## MATERIALS PROVIDED
•••••

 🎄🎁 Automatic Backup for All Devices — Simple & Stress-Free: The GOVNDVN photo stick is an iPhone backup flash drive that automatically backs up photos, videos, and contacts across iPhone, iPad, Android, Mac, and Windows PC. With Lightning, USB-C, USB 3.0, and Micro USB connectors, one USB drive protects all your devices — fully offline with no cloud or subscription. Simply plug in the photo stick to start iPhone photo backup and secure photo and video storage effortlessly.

•••••

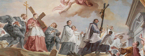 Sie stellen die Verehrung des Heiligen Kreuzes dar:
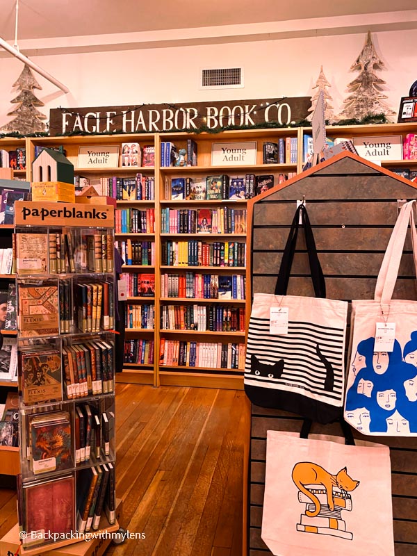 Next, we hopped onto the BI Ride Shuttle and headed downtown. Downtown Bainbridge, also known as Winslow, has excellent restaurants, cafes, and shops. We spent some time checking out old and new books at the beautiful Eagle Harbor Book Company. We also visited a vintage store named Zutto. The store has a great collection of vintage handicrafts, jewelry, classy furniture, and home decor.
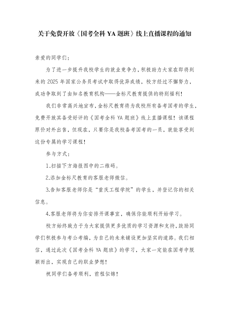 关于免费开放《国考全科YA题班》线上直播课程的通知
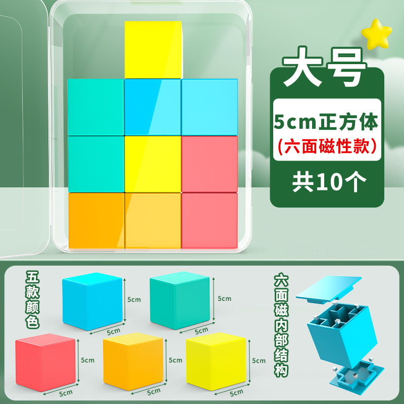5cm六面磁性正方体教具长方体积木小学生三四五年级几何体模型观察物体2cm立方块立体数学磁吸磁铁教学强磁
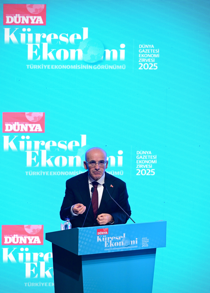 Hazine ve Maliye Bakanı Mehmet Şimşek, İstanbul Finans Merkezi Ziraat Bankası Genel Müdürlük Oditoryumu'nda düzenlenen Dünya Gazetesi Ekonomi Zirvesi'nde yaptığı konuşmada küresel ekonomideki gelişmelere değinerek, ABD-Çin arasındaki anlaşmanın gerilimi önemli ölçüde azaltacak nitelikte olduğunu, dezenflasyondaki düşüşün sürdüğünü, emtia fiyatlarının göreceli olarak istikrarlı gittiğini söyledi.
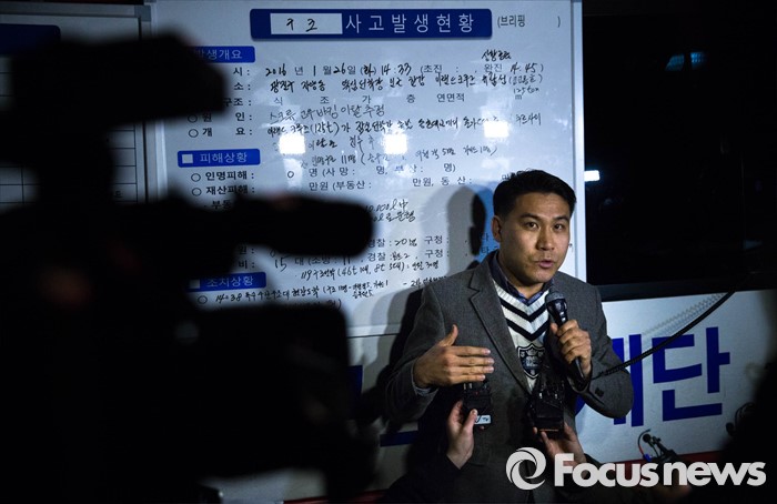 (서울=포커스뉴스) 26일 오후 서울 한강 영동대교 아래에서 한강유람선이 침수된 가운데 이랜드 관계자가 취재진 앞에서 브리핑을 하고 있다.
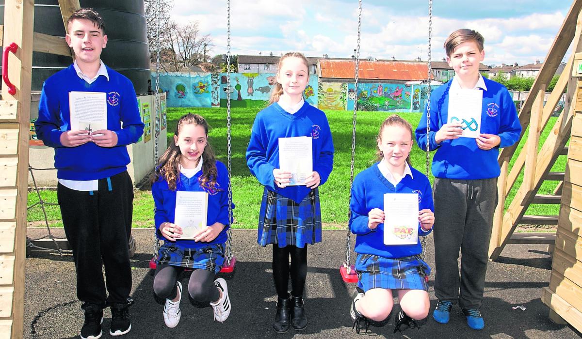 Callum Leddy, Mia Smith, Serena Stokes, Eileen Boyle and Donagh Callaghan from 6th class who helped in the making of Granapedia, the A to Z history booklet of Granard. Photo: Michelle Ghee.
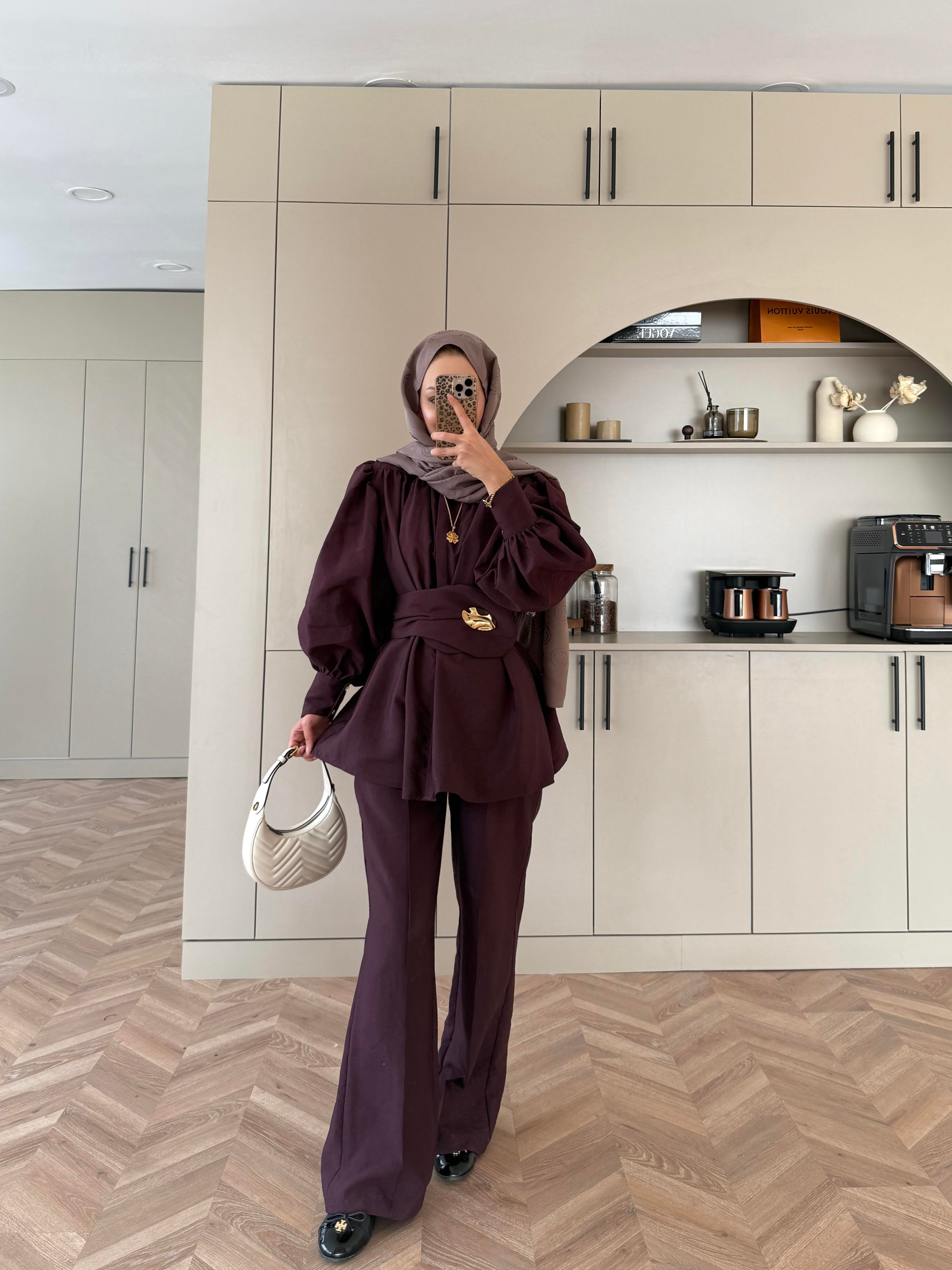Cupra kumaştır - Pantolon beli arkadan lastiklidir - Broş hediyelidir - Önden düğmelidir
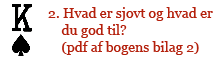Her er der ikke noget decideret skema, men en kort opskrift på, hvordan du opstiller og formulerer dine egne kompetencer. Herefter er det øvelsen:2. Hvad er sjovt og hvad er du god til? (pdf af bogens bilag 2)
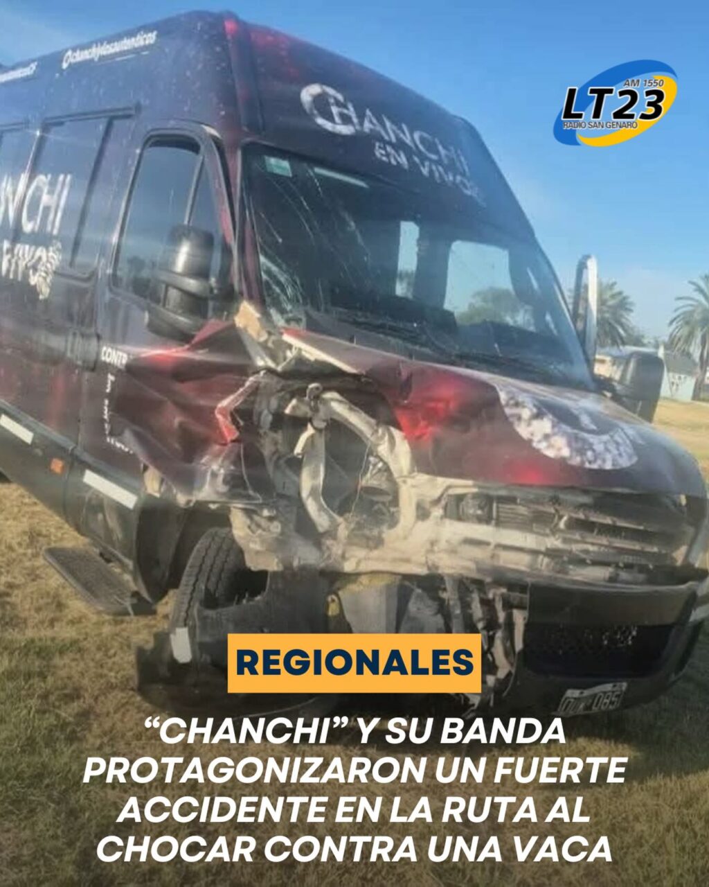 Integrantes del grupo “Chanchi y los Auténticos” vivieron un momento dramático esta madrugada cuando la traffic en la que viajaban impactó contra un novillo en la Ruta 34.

•••••

## AIM OF THE TASK
Please output the lines above beginning at the line with "Next, we hopped" and ending after the line with "Integrantes del grupo", precisely as written and with no pictures.

## FINISHED TASK
 Next, we hopped onto the BI Ride Shuttle and headed downtown. Downtown Bainbridge, also known as Winslow, has excellent restaurants, cafes, and shops. We spent some time checking out old and new books at the beautiful Eagle Harbor Book Company. We also visited a vintage store named Zutto. The store has a great collection of vintage handicrafts, jewelry, classy furniture, and home decor.
 关于免费开放《国考全科YA题班》线上直播课程的通知
5cm六面磁性正方体教具长方体积木小学生三四五年级几何体模型观察物体2cm立方块立体数学磁吸磁铁教学强磁
 Hazine ve Maliye Bakanı Mehmet Şimşek, İstanbul Finans Merkezi Ziraat Bankası Genel Müdürlük Oditoryumu'nda düzenlenen Dünya Gazetesi Ekonomi Zirvesi'nde yaptığı konuşmada küresel ekonomideki gelişmelere değinerek, ABD-Çin arasındaki anlaşmanın gerilimi önemli ölçüde azaltacak nitelikte olduğunu, dezenflasyondaki düşüşün sürdüğünü, emtia fiyatlarının göreceli olarak istikrarlı gittiğini söyledi.
 (서울=포커스뉴스) 26일 오후 서울 한강 영동대교 아래에서 한강유람선이 침수된 가운데 이랜드 관계자가 취재진 앞에서 브리핑을 하고 있다.
 Callum Leddy, Mia Smith, Serena Stokes, Eileen Boyle and Donagh Callaghan from 6th class who helped in the making of Granapedia, the A to Z history booklet of Granard. Photo: Michelle Ghee.
Cupra kumaştır - Pantolon beli arkadan lastiklidir - Broş hediyelidir - Önden düğmelidir
Her er der ikke noget decideret skema, men en kort opskrift på, hvordan du opstiller og formulerer dine egne kompetencer. Herefter er det øvelsen:2. Hvad er sjovt og hvad er du god til? (pdf af bogens bilag 2)
 Integrantes del grupo “Chanchi y los Auténticos” vivieron un momento dramático esta madrugada cuando la traffic en la que viajaban impactó contra un novillo en la Ruta 34.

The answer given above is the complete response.